***** Material provided
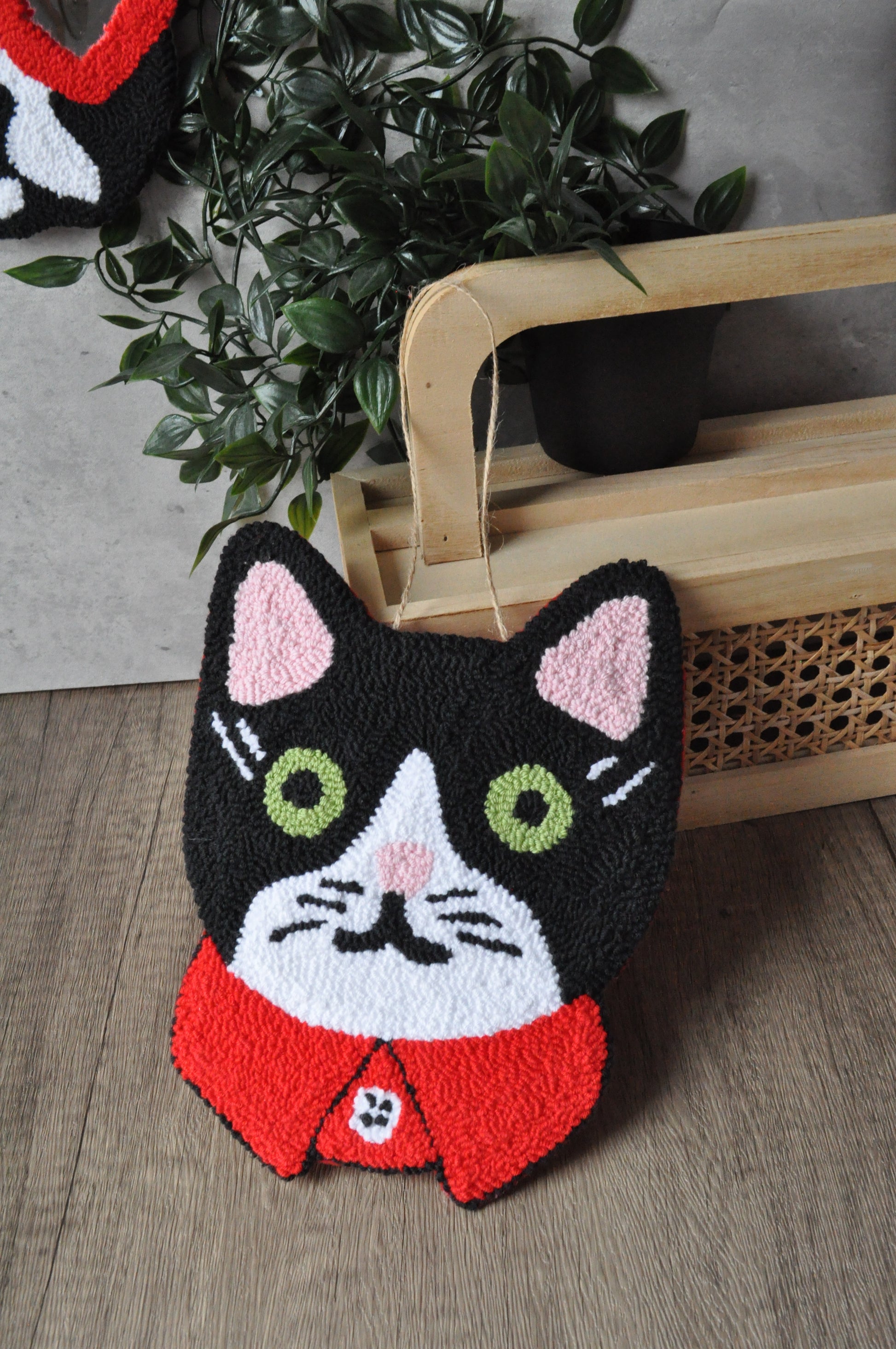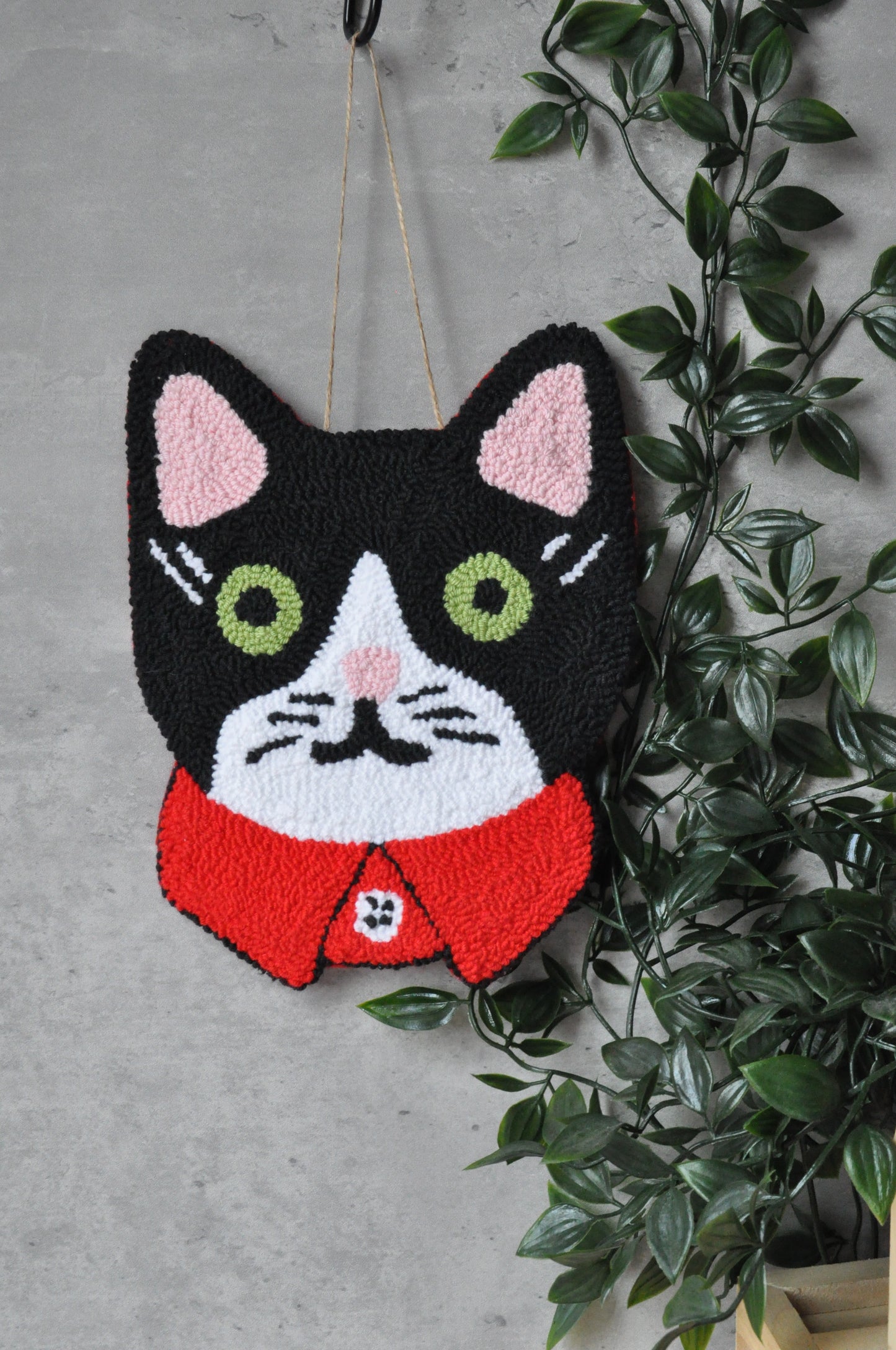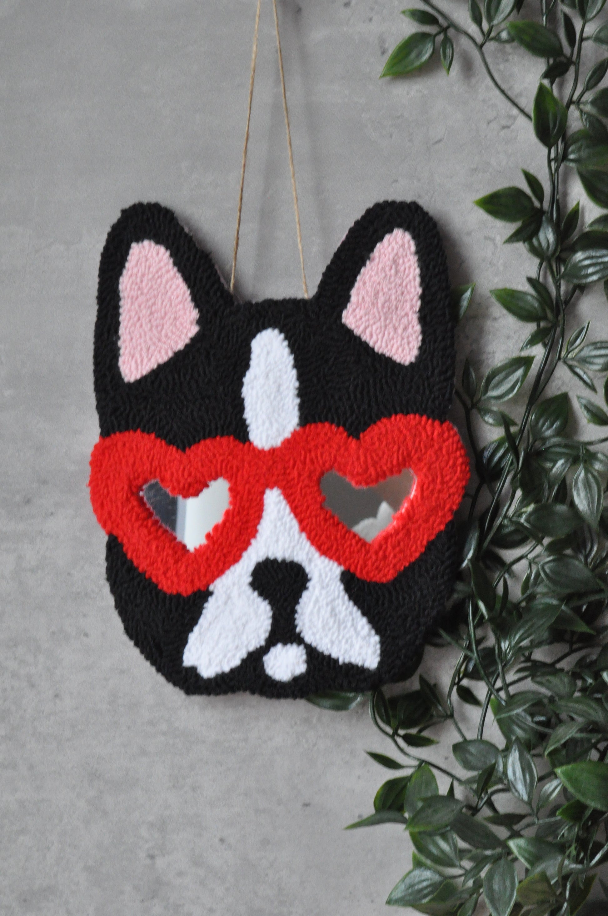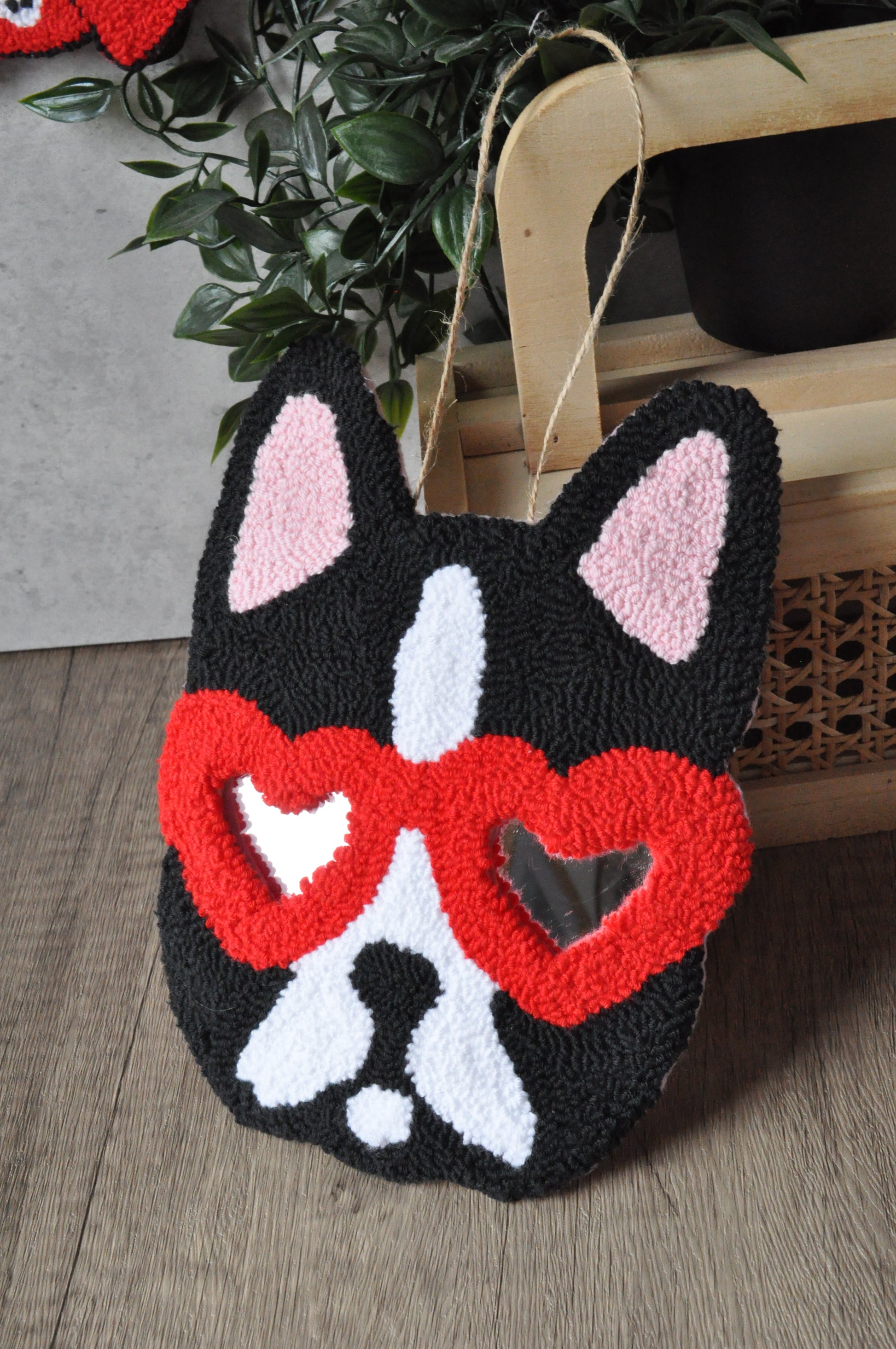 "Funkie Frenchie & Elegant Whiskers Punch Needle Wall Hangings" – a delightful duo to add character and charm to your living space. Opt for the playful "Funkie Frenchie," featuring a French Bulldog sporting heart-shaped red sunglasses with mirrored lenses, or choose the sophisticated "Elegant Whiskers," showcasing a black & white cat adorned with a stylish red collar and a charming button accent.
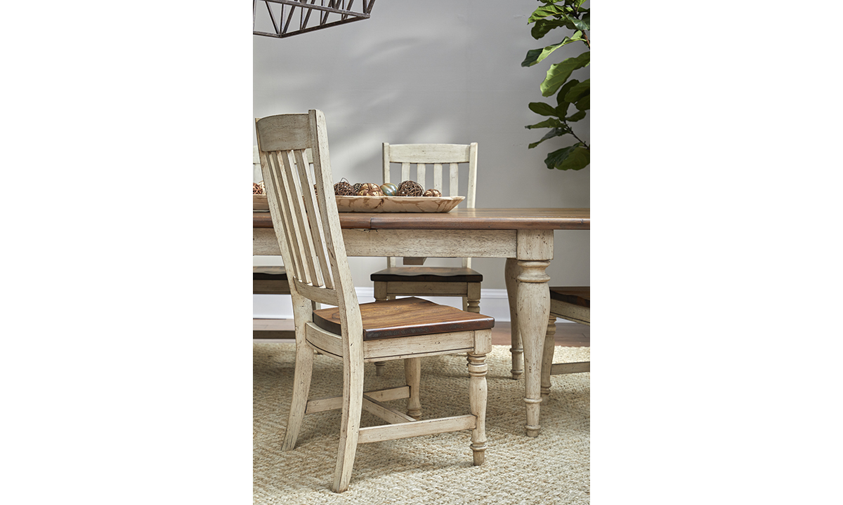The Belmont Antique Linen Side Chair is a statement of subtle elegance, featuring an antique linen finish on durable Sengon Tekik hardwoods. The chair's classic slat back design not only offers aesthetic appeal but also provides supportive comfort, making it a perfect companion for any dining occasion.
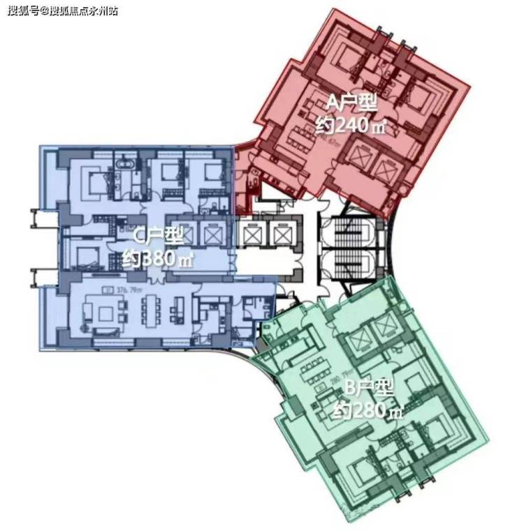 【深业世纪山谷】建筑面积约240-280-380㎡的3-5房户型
**********
▶ _Requirement_
Output the data exactly. Pictures don't belong in the result.

▶ _Response to this task_
 "Funkie Frenchie & Elegant Whiskers Punch Needle Wall Hangings" – a delightful duo to add character and charm to your living space. Opt for the playful "Funkie Frenchie," featuring a French Bulldog sporting heart-shaped red sunglasses with mirrored lenses, or choose the sophisticated "Elegant Whiskers," showcasing a black & white cat adorned with a stylish red collar and a charming button accent.
The Belmont Antique Linen Side Chair is a statement of subtle elegance, featuring an antique linen finish on durable Sengon Tekik hardwoods. The chair's classic slat back design not only offers aesthetic appeal but also provides supportive comfort, making it a perfect companion for any dining occasion.
 【深业世纪山谷】建筑面积约240-280-380㎡的3-5房户型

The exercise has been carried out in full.